### ABOUT THIS EXERCISE
Transcribe the data below verbatim from the line with "Р и с.3. Схемы" to the line with "步骤1、木耳提前泡发,放入水中焯水,焯熟备用,准备好粉丝,黄瓜。". Include both of those lines.

### DATA SUPPLIED
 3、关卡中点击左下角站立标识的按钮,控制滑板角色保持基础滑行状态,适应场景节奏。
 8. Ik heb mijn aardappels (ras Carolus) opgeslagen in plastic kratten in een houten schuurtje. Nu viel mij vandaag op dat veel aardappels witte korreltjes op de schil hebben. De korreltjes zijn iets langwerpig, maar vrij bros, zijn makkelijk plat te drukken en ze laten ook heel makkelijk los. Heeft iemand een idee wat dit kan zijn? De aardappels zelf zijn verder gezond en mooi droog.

==

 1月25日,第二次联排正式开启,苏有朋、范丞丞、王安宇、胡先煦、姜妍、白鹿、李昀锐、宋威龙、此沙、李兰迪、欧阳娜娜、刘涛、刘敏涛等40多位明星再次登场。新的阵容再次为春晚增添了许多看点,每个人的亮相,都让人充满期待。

* * *

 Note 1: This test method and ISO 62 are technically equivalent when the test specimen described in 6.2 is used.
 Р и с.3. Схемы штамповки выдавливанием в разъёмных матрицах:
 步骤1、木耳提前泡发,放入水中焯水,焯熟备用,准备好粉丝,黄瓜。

### TASK OUTPUT
 Р и с.3. Схемы штамповки выдавливанием в разъёмных матрицах:
 步骤1、木耳提前泡发,放入水中焯水,焯熟备用,准备好粉丝,黄瓜。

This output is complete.